Губы ее дернулись в презрительной улыбке, голова высоко поднялась. Елена притихла.

— Ну что ж, если ты уверена, зови бояр!

— Скажу тебе по секрету, — продолжала Анна, — что о созыве такого сборища меня настойчиво просил господин Гордон. Он имеет какой-то план. Из его намеков можно понять, что многое для нас и для нашей политики зависит от этого вечера. Хочешь, я тебе скажу одно, только ты молчи…

— Будь уверена в моей скромности! — поспешно и боязливо сказала подружка.

— Я знаю это. Наш поэт, однофамилец господина Патрика Гордона, Александр Гордон на этом вечере будет шутом.

— Как шутом?

— Да, шутом. Он наденет шутовской костюм и в нем выступит перед царем. Ты знаешь, дорогая, каковы эти господа у нас на родине. И вот, если мы хотим показать русским, как живут за рубежом, то помимо родных нам умников мы должны показать им и наших дураков…

— Ой, Анхен! — воскликнула Елена. — Я вижу, что тут затевается что-то такое, чего вовсе не постигает мой слабый ум.

— Серьезное дело затевается, Лена, и ты должна помочь мне быть хозяйкой. Я попрошу еще Елизавету Лефорт, так что нас будет три. Но ведь ты сама понимаешь, что такие дела так вот сразу не делаются: нужно все до мельчайших подробностей обдумать, предусмотреть все случайности; право, это — не простая, веселая пирушка, а генеральное сражение, которое мы даем — понимаешь, Лена? — Мы… уже однажды разбитой нами Москве.

— Из-за чего же будет это сражение? — тихо спросила Елена. — Что будет призом для победителей?

— Московский царь, а с ним и все московское государство! — так же тихо ответила Анхен.

Елена ничего не ответила. Она поникла своей хорошенькой головкой и задумалась.

А между тем Анна, побледнев от нервного возбуждения, продолжала говорить быстро, вдохновенно, и Елене казалось, что ее подруга пророчествует:

— Да, и не столько московский царь, сколько московское государство! Люди родятся и умирают, но после них на смену им приходят другие. И тот, кто умен, должен думать не о сегодняшнем дне, а о том, что будет завтра и послезавтра, что будет после него. Россия велика и обильна. Ее богатства неистощимы, ее силы непобедимы. Так нужно, чтобы все это стало нашим, перешло к нашим детям, внукам и правнукам.

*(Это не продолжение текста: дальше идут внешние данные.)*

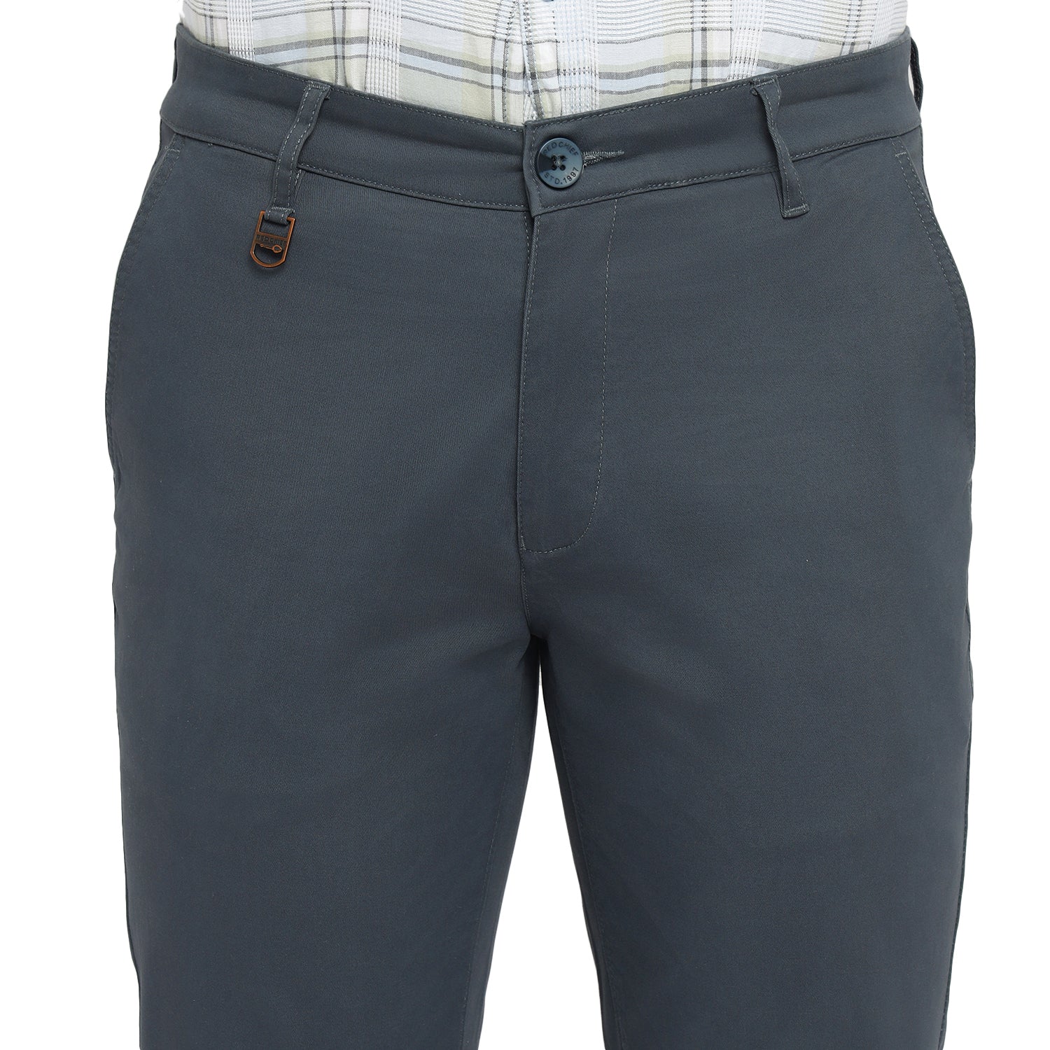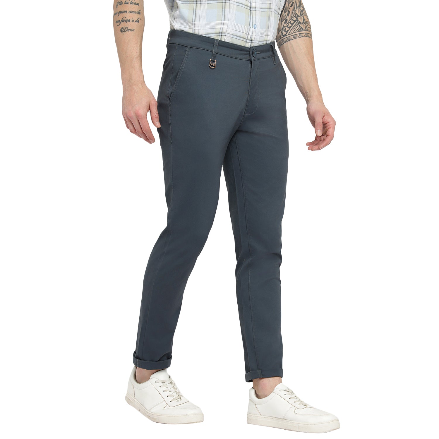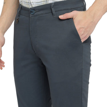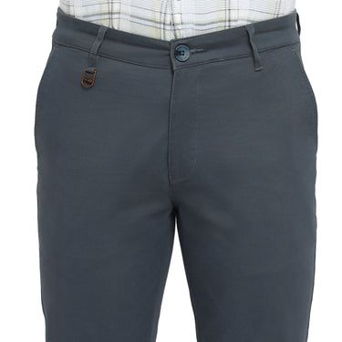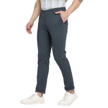 Perfect your smart casual look with these bluish gray narrow fit trousers combining contemporary lines with everyday versatility.

Ради этого я пожертвовала собой, и этому делу я буду служить, пока могу. Я знаю, что успех ждет все наши начинания… Пройдут года, десятки лет, века — и во главе России, распоряжаясь ее судьбами, ее силами, богатствами, будут стоять наши потомки или потомки новых пришельцев из наших или соседних с нами стран. И они будут владычествовать над всем этим народом, а потомки теперешних вельмож Московской земли будут их холопами. Ради того, чтобы услужить своим повелителям, они станут палачами своего народа, сами того не сознавая. Вот что будет, если мы выйдем победителями из предстоящего мирного сражения.

Елена молчала. Она уже не раз слыхала такие же речи от своего приемного отца-пастора. Анна не сказала ничего нового для нее: она почти дословно повторяла то, что говорили лучшие умы Кукуевской слободы, и Елену более всего занимал вопрос, как устроить все так, чтобы предполагаемое «сражение» действительно было выиграно с наименьшими потерями.

Поговорив еще немного, подруги расстались, условившись встретиться на следующий день; Анна взяла на себя обязанность пригласить на совещание и Елизавету Лефорт.

Как только Елена ушла, она накинула на себя плащ и отправилась в дом Патрика Гордона, по дороге улыбаясь кукуевцам и раскланиваясь со всеми.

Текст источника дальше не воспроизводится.